Color Matching: Variables that Effect Color in Screen Printing

In the screen printing industry, color matching is the process where color swatches or samples are used to compare and match colors so that the product is precisely the right quality that the customer wants and needs. Here at ECI, we typically use the Pantone Color Matching System – a booklet of hundreds of color chips that we use to standardize each customer’s products and equate them with their unique ink mixing formulas. Color matching takes training, discipline and an understanding of everything that makes color look the way it does. There are many different factors and variables that effect color in screen printing and must be taken into account when designing a new part.

This article is the first of a series concerning variables that effect color matching.

The Material

The material or substrate that is printed on makes a difference in the color that is printed on it. There is color casting - a natural color in every substrate and it is nearly impossible to get a completely clear material to print on so this must be considered before choosing both a material and color.
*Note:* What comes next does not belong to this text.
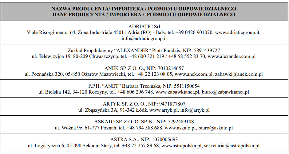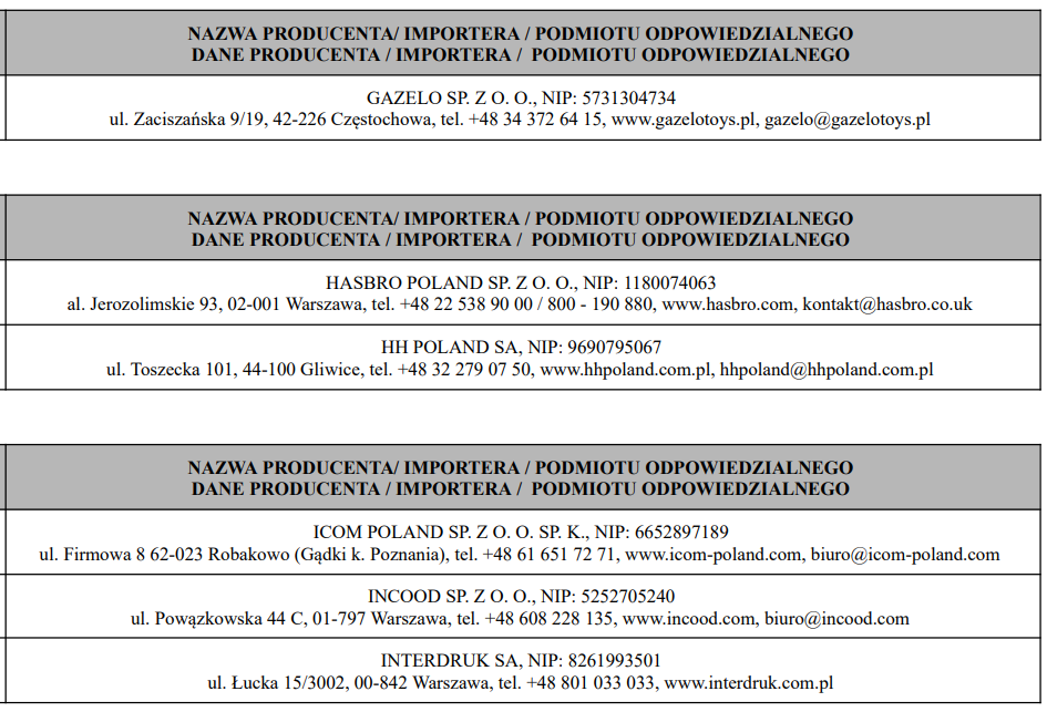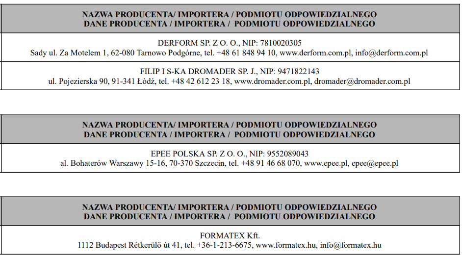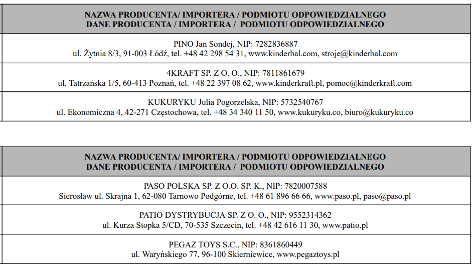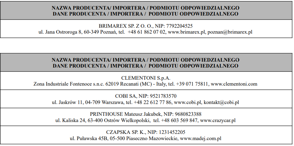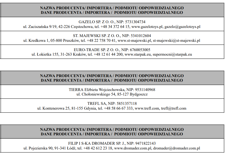 Poniżej w tabelach znajduje się wykaz producentów/importerów/podmiotów odpowiedzialnych.

In the printed window shown above, you can see the effect that texture has on the color as the half moon shapes are untextured while the textured areas are lighter in color. 

In the printed window shown above, you can see the effect that texture has on the color as the half moon shapes are untextured while the textured areas are lighter in color. 

Here at ECI, we most commonly print on either polyesters or polycarbonates. Some polyesters are already very clear, but have a reflective quality about them. Meanwhile, there are other polyesters are textured with a natural yellow coloring. The same thing goes for polycarbonates – there are some that are very clear and others that are textured with a natural blue color. Different brands have different characteristics to keep in mind. Some materials are a solid color, such as white. White is a broad term and can come in many different shades, which also affects the color. This is a big consideration in the printing world, especially in digital printing.

ECI also prints on vinyl and 3M label stock which can either be matte, glossy or even come in different colors, all of which affect the appearance of the ink.

ECI prints on metal surfaces such as rolled steel, powder coated, aluminum, smooth anodized, raw metal, and brushed aluminum. Epoxy or enamel inks are used on these surfaces and can be affected by the different metal surfaces depending on their color and texture. Metals like brushed aluminum will have a metallic surface which changes the appearance of the ink, especially opaque colors.

Both of the color swatches shown above show the same color. However, the one on the right has a white back flood while the swatch on the left does not. Notice that the swatch on the left is slightly transparent because the ink has no backing to it. The colors themselves look drastically different as the swatch with the white backer flood looks more vibrant.

Both of the color swatches shown above show the same color. However, the one on the right has a white back flood while the swatch on the left does not. Notice that the swatch on the left is slightly transparent because the ink has no backing to it. The colors themselves look drastically different as the swatch with the white backer flood looks more vibrant.

Inks can also either be printed on the front or back of the material. By printing on the backside of the material, it would have to be taken into account the effect of the substrate’s natural color and the texture of the material, which will dull the color and either give it a matte or glossy finish. Even printing on the front of the material, the color of the ink can be affected, particularly if it is slightly transparent. The material, adhesive and liners can be seen through the material and the ink as well, affecting the overall look of the product. It is really what the ink is set on that matters most, as it will have the biggest effect on the color.

This Pantone booklet shows a matte finish, which was offset printed on paper, while the overlay uses the same color screen printed on plastic. To the trained eye, the colors are different - but still use the same formula. The cause for the difference in color: the material.

This Pantone booklet shows a matte finish, which was offset printed on paper, while the overlay uses the same color screen printed on plastic. To the trained eye, the colors are different - but still use the same formula. The cause for the difference in color: the material.

In the screen printing industry, we use the Pantone Color Matching System as a guide and follow it as closely as possible. However, the Pantone books are offset printed on paper while ECI screen prints on plastics, second surface, with textures and finishes. As discussed earlier in this article, material makes a difference in the appearance of the color and therefore, makes color matching a more challenging feat than at first glance.